* **Dataset excerpt**:
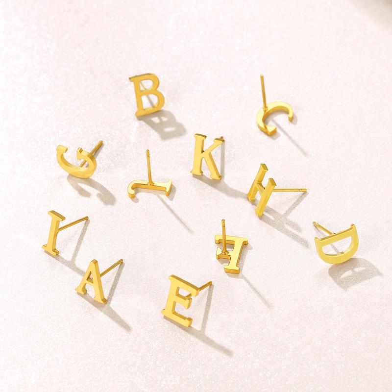 Discover FindChic's Initial Earrings set, featuring three pairs of Golden stainless steel studs with black letter design. A versatile and thoughtful gift suitable for any occasion, perfect for men and women.
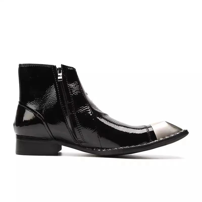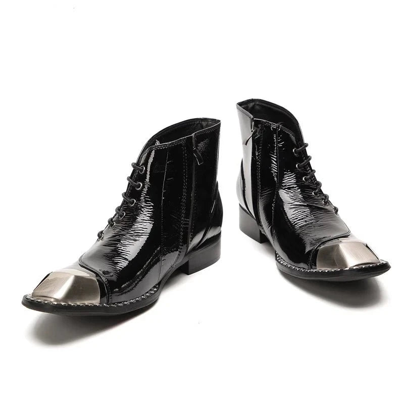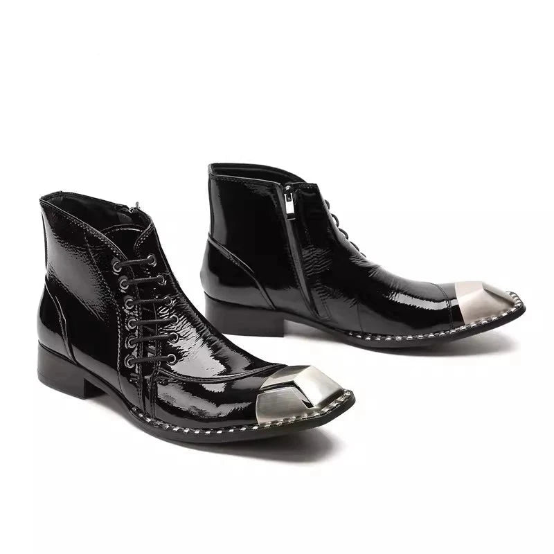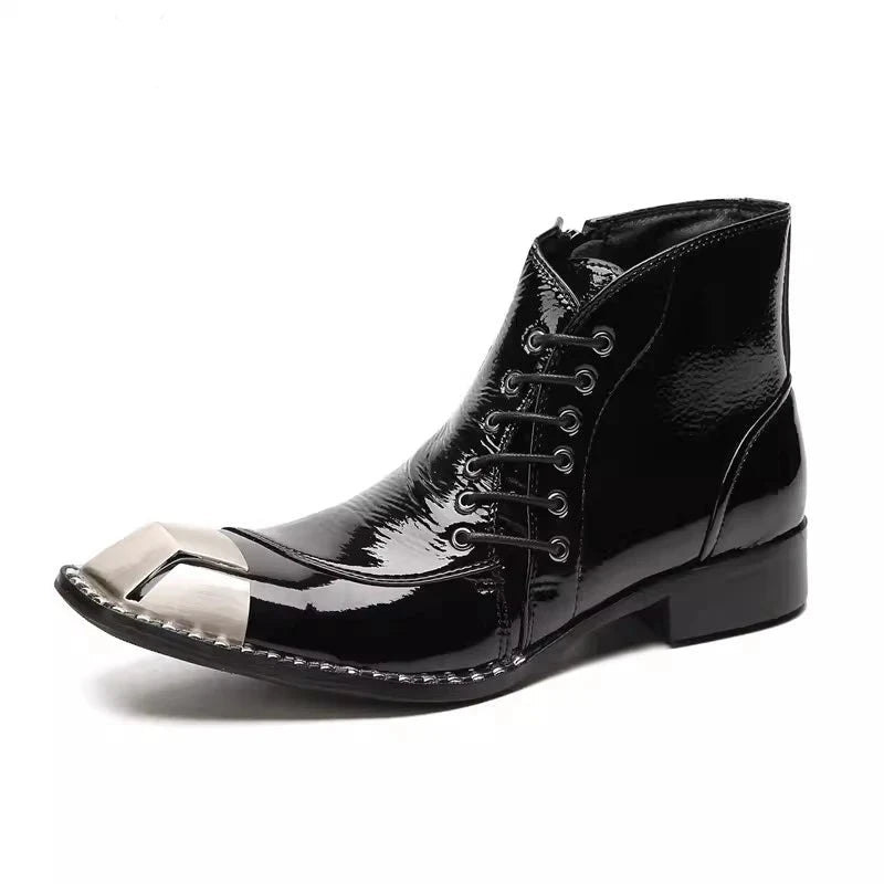 Men Metal Square Toe Rivets Lace Up Business Black Genuine Leather Boots
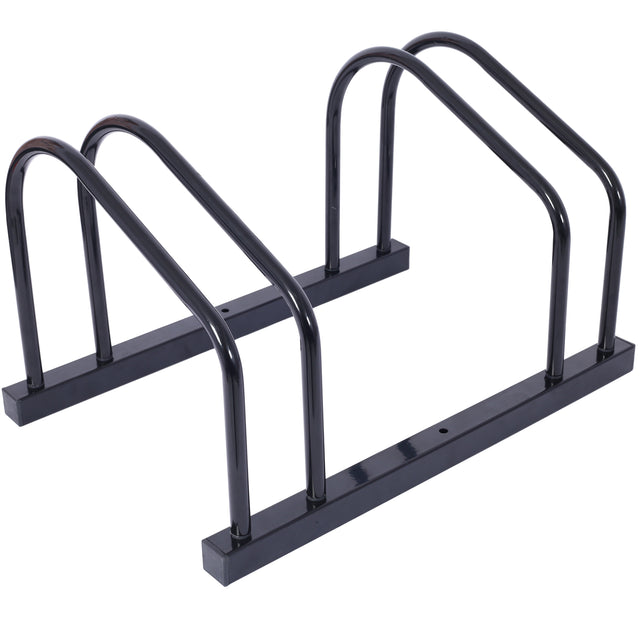 2 Bikes Floor Bike Stand Parking Rack 22-28" Wheel Max Tire Width 2.15" Black Painted

* **What to do**: Set down all the data again exactly as above, pictures excluded.

* **Answer space**:
 Discover FindChic's Initial Earrings set, featuring three pairs of Golden stainless steel studs with black letter design. A versatile and thoughtful gift suitable for any occasion, perfect for men and women.
 Men Metal Square Toe Rivets Lace Up Business Black Genuine Leather Boots
 2 Bikes Floor Bike Stand Parking Rack 22-28" Wheel Max Tire Width 2.15" Black Painted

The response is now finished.